[Stored items from a collection]
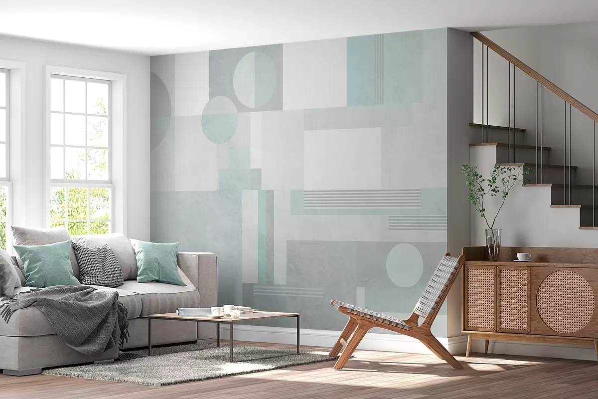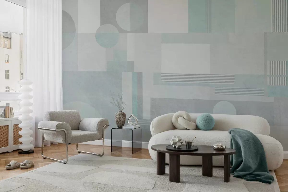 Fototapetes abstrakta ģeometrija pelēkzaļos toņos Nr. w04635v3
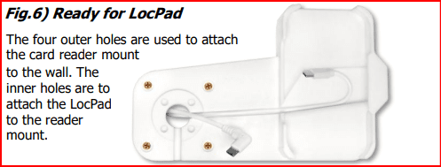 If you have a wall mount, the LocPad case is already attached to the wall. Fig.14) If you have a pole mount, you need to position the LocPad case onto the card reader cradle, and the card reader cradle onto the pole. Here, make sure you click the 4 "pegs" of the cradle into the locpad rear enclosure. press down evenly on the centre of the enclosure to ensure they fit snug.
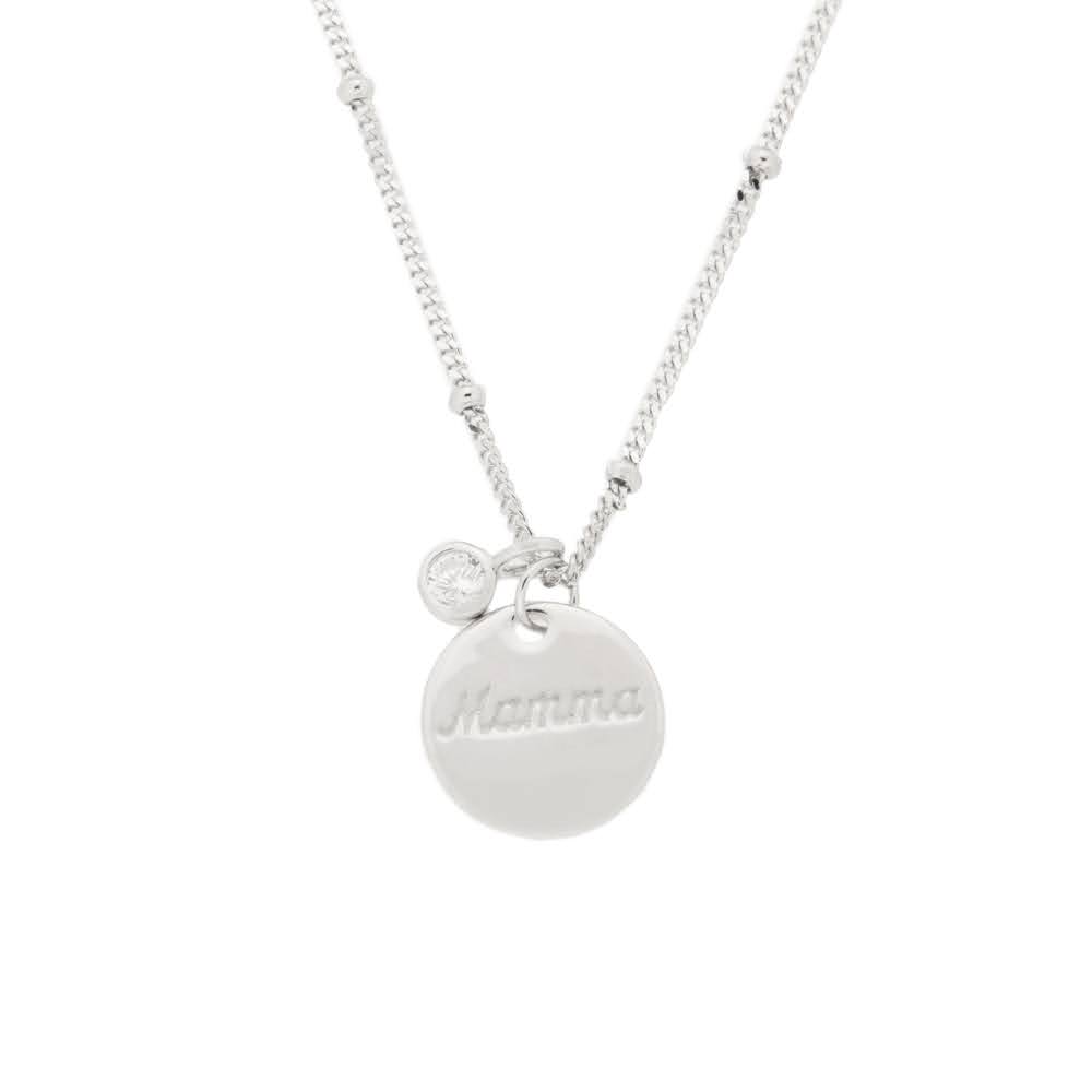 Rhodinert sølv halssmykke 12mm "Mamma" + liten blank zircon 42+5cm
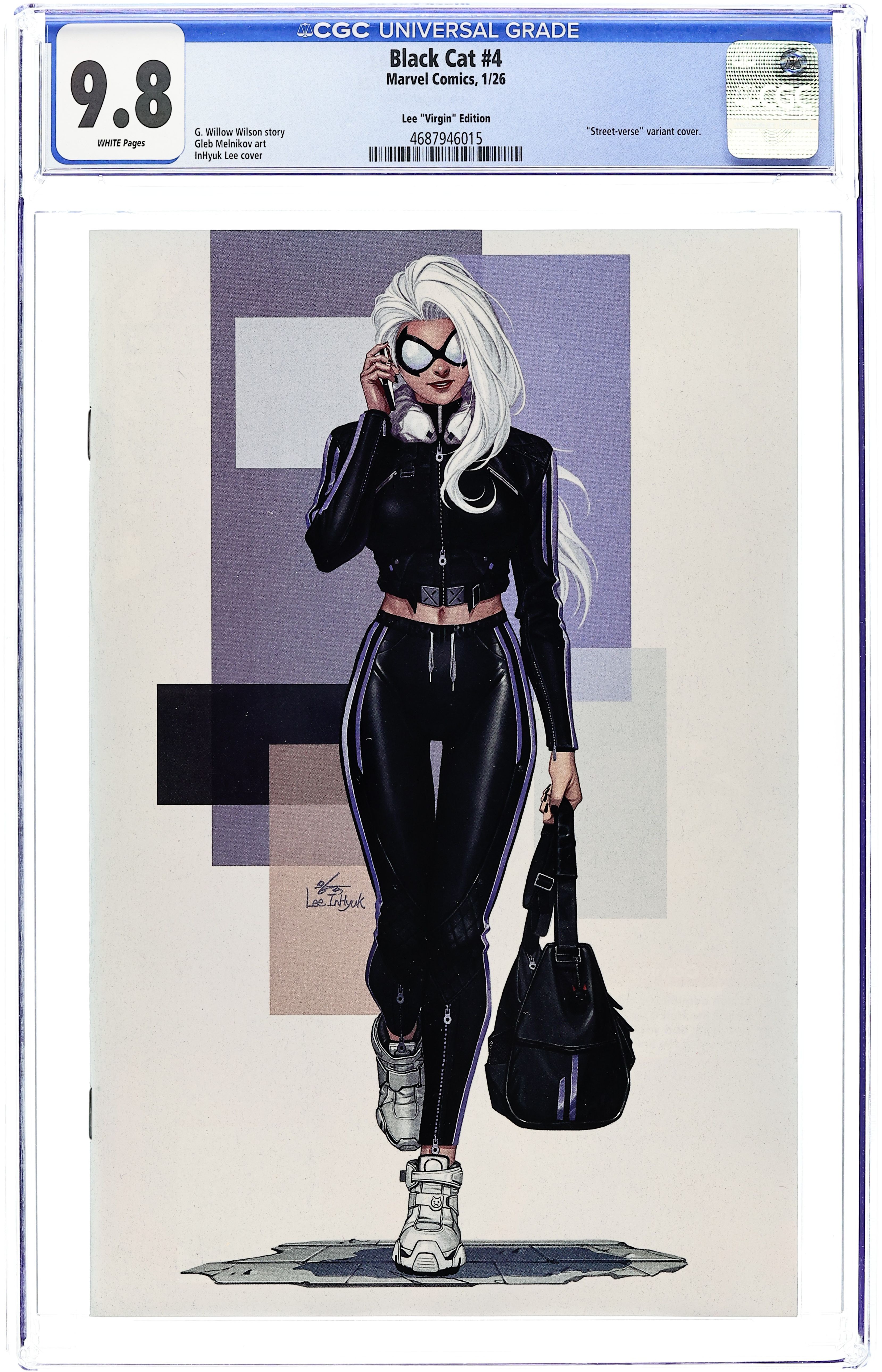 Starts Mar 9 Limited 1 for 50 Retailer Incentive Variant Cover. (W) G. Willow Wilson (A) Gleb Melnikov (CA) Inhyuk Lee CAUGHT IN A TRAP! BLACK CAT's little super-hero game is up as far as Spider-Man's deadliest foes are concerned - and they've sprung a trap Felicia Hardy may not even be able to dodge! She'll need every scheme (and all nine of her lives) to get out of this one⦠Cover price $3.99. Grade: CGC 9.8 explanation of grade Condition: Used (collectible) unless item is a new release
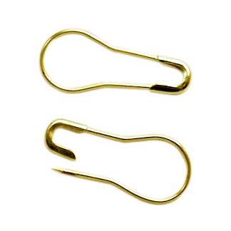 Goldfarbige Sicherheitsnadeln in Birnenform aus Stahl. Ideal zum Befestigen von Preisschildern, Anhängern oder auch für Bastelarbeiten.
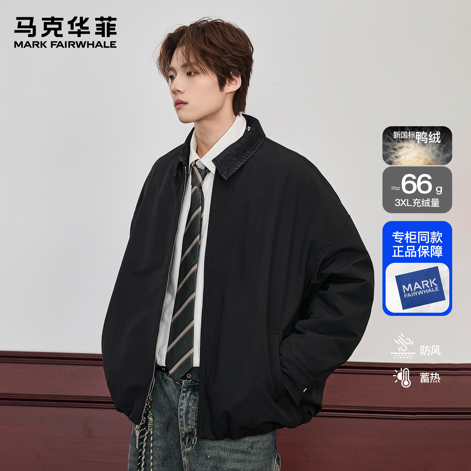 马克华菲巴恩风工装夹克羽绒服男2025秋冬季新款黑色翻领青年外套
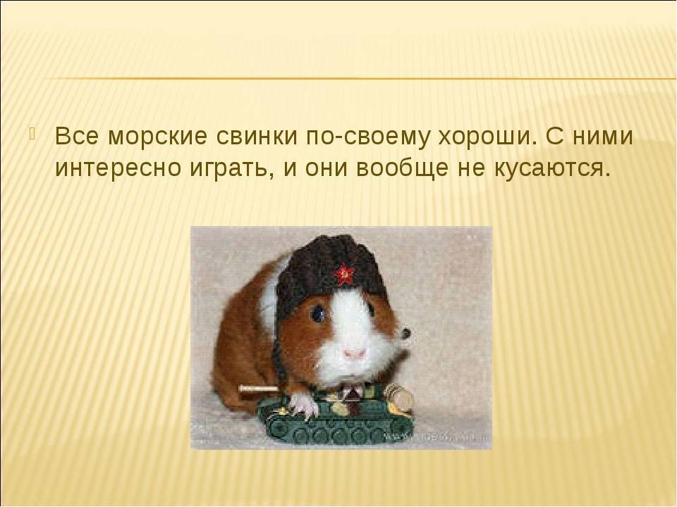 Мы видим, что морская свинка имеет к морю самое что ни на есть косвенное отношение, так как ее родина находится за океаном, то есть, как говорили раньше, «за морем». Да и плавать она не умеет, так как является сугубо сухопутным животным и не терпит воды. Но, тем не менее, до сих пор некоторым несчастным зверькам приходится расплачиваться за ошибки и незнание людей. Достоверно известны случаи, когда приобретенную для своих детей морскую свинку новые хозяева пускали в аквариумы с рыбками или емкости с водой, чтобы зверьки там «поплавали» — они ведь «морские»! А после того как эти бедные животные, обессилев от барахтанья в воде, тонули, некоторые из них звонили в зоологические магазины и с возмущением жаловались на гибель приобретения.

* WHAT YOU WILL DO *
Up to and including the line containing "Rhodinert sølv halssmykke", repeat every line from the start of the data, but none of the pictures.

* YOUR SOLUTION *
 Fototapetes abstrakta ģeometrija pelēkzaļos toņos Nr. w04635v3
 If you have a wall mount, the LocPad case is already attached to the wall. Fig.14) If you have a pole mount, you need to position the LocPad case onto the card reader cradle, and the card reader cradle onto the pole. Here, make sure you click the 4 "pegs" of the cradle into the locpad rear enclosure. press down evenly on the centre of the enclosure to ensure they fit snug.
 Rhodinert sølv halssmykke 12mm "Mamma" + liten blank zircon 42+5cm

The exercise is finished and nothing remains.